Table 3.
Results of magnetic resonance imaging flowmetry in the three study groups defined according to whether or not patients received oxaliplatin-based chemotherapy and experienced sinusoidal injury
| Characteristic | All (n= 29) | No-OX (n= 8) | OX + no-SI (n= 15) | OX + SI (n= 6) | P-valuea |
|---|---|---|---|---|---|
| Portal flow, ml/s, median (IQR) | 17.9 (13.5–20.8) | 15.5 (11.0–19.1) | 19.6 (16.2–21.3) | 19.8 (14.8–23.2) | 0.241 |
| Cross-section area, cm2, median (IQR) | 1.5 (1.2–1.8) | 1.2 (0.9–1.2) | 1.7 (1.2–2.0) | 1.7 (1.6–2.1) | 0.005 |
| Mean velocity, cm/s, median (IQR) | 14.0 (12.2–16.3) | 16.3 (13.4–18.5) | 14.3 (12.7–17.4) | 12.0 (10.2–13.5) | 0.060 |
| Peak velocity, cm/s, median (IQR) | 23.2 (19.9–26.6) | 25.5 (20.3–29.3) | 24.3 (21.4–26.5) | 19.6 (18.2–26.4) | 0.311 |
a
Kruskal–Wallis test was used to compare distributions among the three groups.

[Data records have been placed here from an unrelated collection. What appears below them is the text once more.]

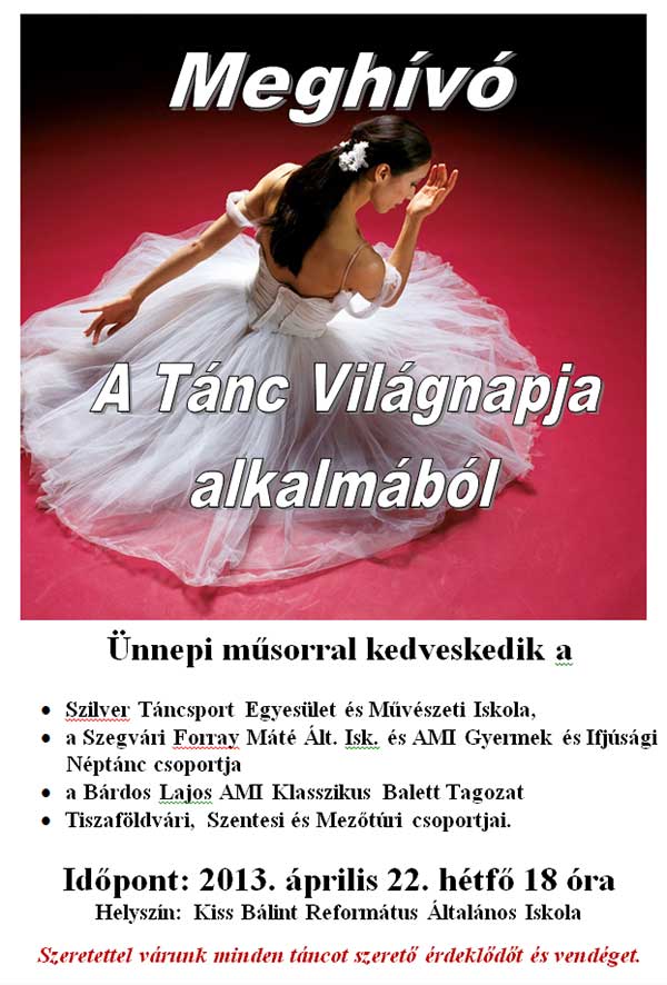 Ünnepi műsorral kedveskedik a Tánc Világnapja alkalmából a • Szilver Táncsport Egyesület és Művészeti Iskola, • a Szegvári Forray Máté Ált. Isk. és AMI Gyermek és Ifjúsági Néptánc csoportja • a Bárdos Lajos AMI Klasszikus Balett Tagozat • Tiszaföldvári, Szentesi és Mezőtúri csoportjai. Időpont: 2013. április 22. hétfő 18 óra Helyszín: Kiss Bálint Református Általános Iskola Szeretettel várnak minden táncot szerető érdeklődőt.
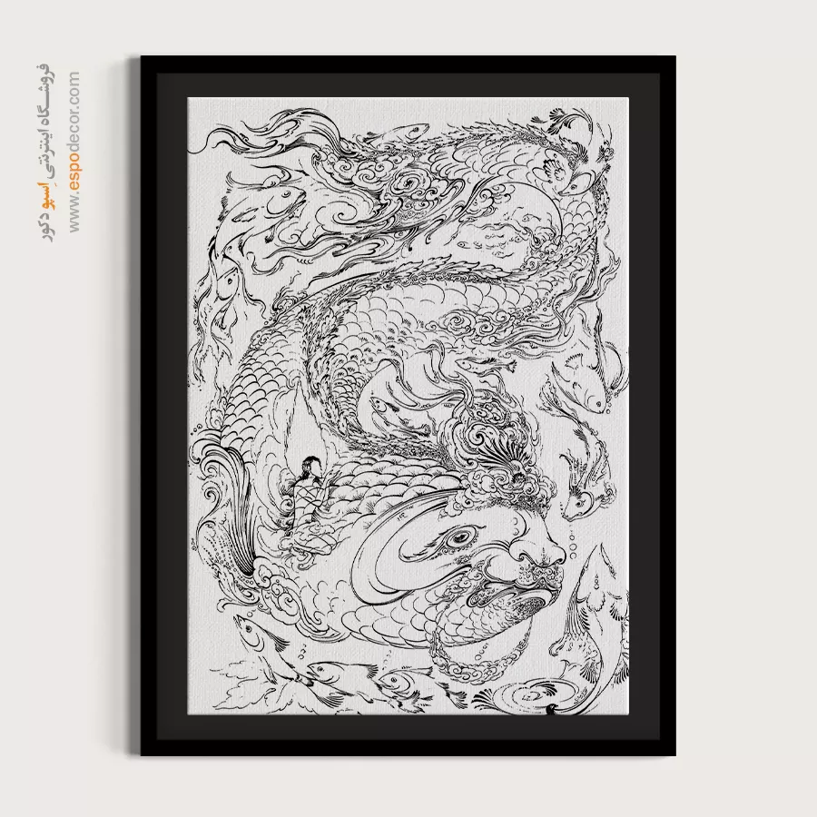 تابلو مینیاتور خطی با طراحی سیاه و سفید و سبک سنتی ایرانی، انتخابی خاص برای دکوراسیون کلاسیک و مینیمال است. این تابلو با قاب مینیمال، جلوهای آرامشبخش به دیوارهای خانه یا محل کار شما میبخشد.
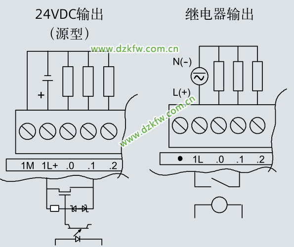 T:晶體管輸出:24VDC供電,電子電路,響應(yīng)速度快,最快可達(dá)100KHz,帶負(fù)載能力弱
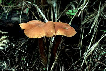[特 徴] 傘は初めまんじゅう形で後には平らに開く。表面には細かいささくれがあり、色は赤褐色から黄褐色。ひだは柄に直生からやや垂生気味で並び方はややあらい。 柄は傘とほぼ同色で繊維状の模様があり、根もとは紫褐色の菌糸でおおわれる。 |
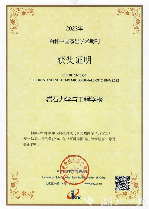 3月27日,第六届中国出版政府奖表彰座谈会在京举行,湖北省领军期刊《岩石力学与工程学报》(以下简称《学报》)荣获期刊奖,摘得我国新闻出版领域国家级最高荣誉。
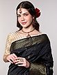 Caviar-Black Kanjivaram Sari from Tamil Nadu with Zari-Woven Motifs on Anchal
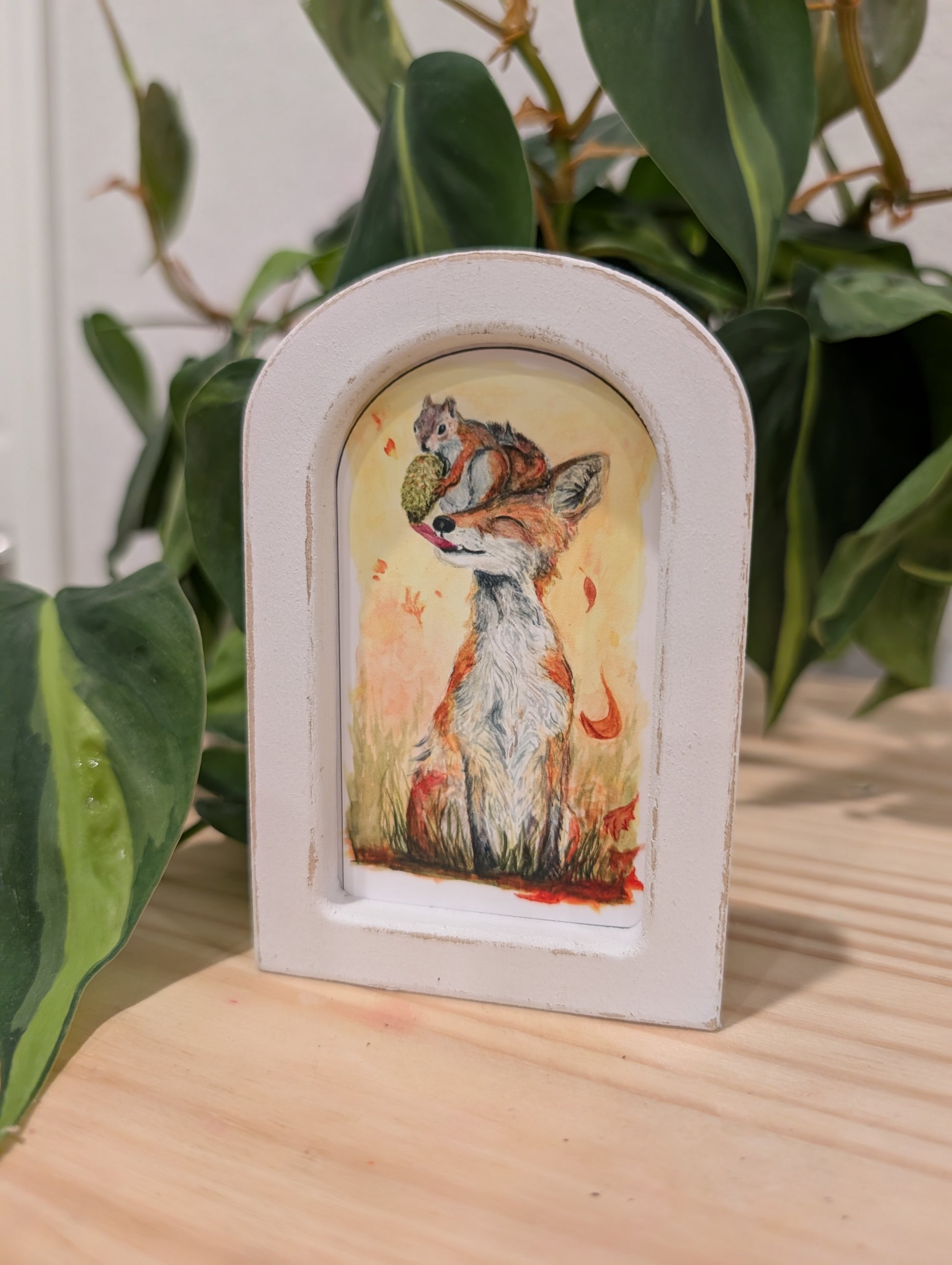 Mini Fox and Squirrel Art Print - Wood Arch Frame - Lora Cavallin Art
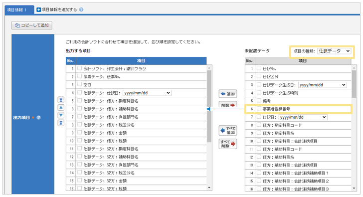 「管理」タブ >「仕訳データ出力の設定」で「出力する項目」に、
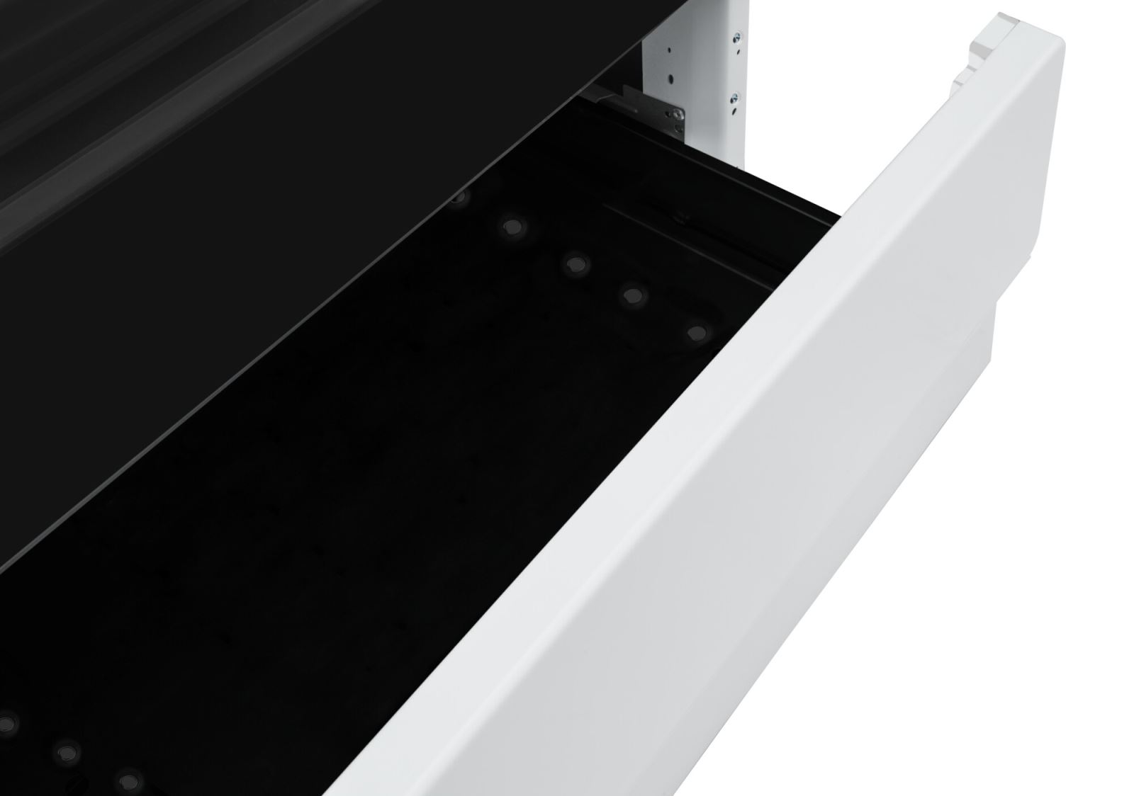 Sertarul din partea inferioară a cuptorului este montat pe role uşor de deplasat, acesta fiind un loc ideal pentru depozitarea vaselor, oalelor şi cratiţelor.
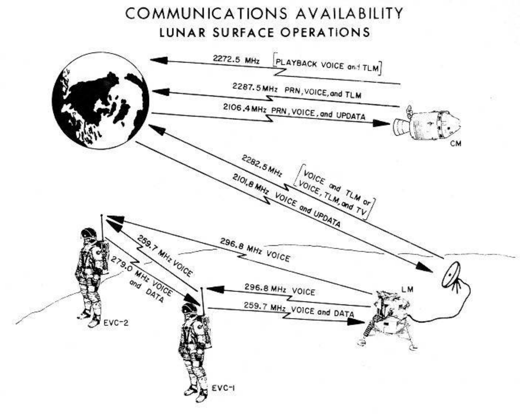 И частоты более менее доступны...Построить приёмник,наверное не составило бы большого труда,особенно на современной элементарной базе.И послушать.Жаль, на Луну больше не летают.

No-OX, patients who did not receive oxaliplatin-based chemotherapy; OX + no-SI, patients who received oxaliplatin-based chemotherapy without sinusoidal injury; OX + SI, patients who received oxaliplatin-based chemotherapy with sinusoidal injury; IQR, interquartile range.